• **SUPPLIED MATERIAL**:
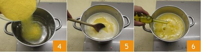 pour in the flour in a fine stream, stirring with a wooden spoon 4. Keep cooking at high temperature while stirring quickly 5. Add the olive oil to prevent lumps from forming 6. Continue cooking for 50 minutes over low heat, stirring constantly to prevent the polenta from sticking to the bottom.
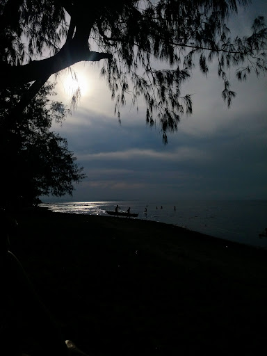 Approx. 2km long public gold brown sand beach. There is a good chance you will be alone – exept the friendly dogs playing, pigs relaxing in the shadow of the beach trees and fisherman going to the sea in evening – quite romantic. Good for a beach walk. Best access in front of Bagum bayan Beach House - please asked the owner to cross his property. The beach is children friendly! No litter, no rocks, no corals, no fish. The beach is cleaned there every day. Fine sand 150m into the sea. Very nice sunsets and starlight. Snacks & drinks available during the day at the Tapsihan, Circumferential (Regional Hwy 480) next to access path to Bagumbayan...
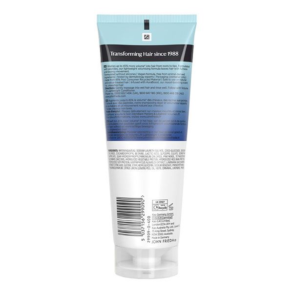Șamponul John Frieda Volume Lift este creat special pentru a oferi corp și textură părului fin și lipsit de vitalitate. Formula sa ușoară, fără silicon, curăță eficient excesul de sebum și reziduurile care pot îngreuna firul de păr, asigurând un aspect vizibil mai bogat de la rădăcină până la vârfuri. Infuzat cu peptide pentru fortificarea fibrei capilare, produsul contribuie la obținerea unui volum cu până la 45% mai mare, menținând în același timp o mișcare naturală și elasticitate. Este un produs vegan, testat dermatologic și sigur pentru utilizarea pe părul vopsit. Notele proaspete de pară și mandarină oferă o experiență senzorială revigorantă, lăsând părul curat, fortificat și plin de volum.

• **PROMPT**:
Restate the data word for word and exclude every picture.

• **SOLUTION TO THIS PROBLEM**:
 pour in the flour in a fine stream, stirring with a wooden spoon 4. Keep cooking at high temperature while stirring quickly 5. Add the olive oil to prevent lumps from forming 6. Continue cooking for 50 minutes over low heat, stirring constantly to prevent the polenta from sticking to the bottom.
 Approx. 2km long public gold brown sand beach. There is a good chance you will be alone – exept the friendly dogs playing, pigs relaxing in the shadow of the beach trees and fisherman going to the sea in evening – quite romantic. Good for a beach walk. Best access in front of Bagum bayan Beach House - please asked the owner to cross his property. The beach is children friendly! No litter, no rocks, no corals, no fish. The beach is cleaned there every day. Fine sand 150m into the sea. Very nice sunsets and starlight. Snacks & drinks available during the day at the Tapsihan, Circumferential (Regional Hwy 480) next to access path to Bagumbayan...
Șamponul John Frieda Volume Lift este creat special pentru a oferi corp și textură părului fin și lipsit de vitalitate. Formula sa ușoară, fără silicon, curăță eficient excesul de sebum și reziduurile care pot îngreuna firul de păr, asigurând un aspect vizibil mai bogat de la rădăcină până la vârfuri. Infuzat cu peptide pentru fortificarea fibrei capilare, produsul contribuie la obținerea unui volum cu până la 45% mai mare, menținând în același timp o mișcare naturală și elasticitate. Este un produs vegan, testat dermatologic și sigur pentru utilizarea pe părul vopsit. Notele proaspete de pară și mandarină oferă o experiență senzorială revigorantă, lăsând părul curat, fortificat și plin de volum.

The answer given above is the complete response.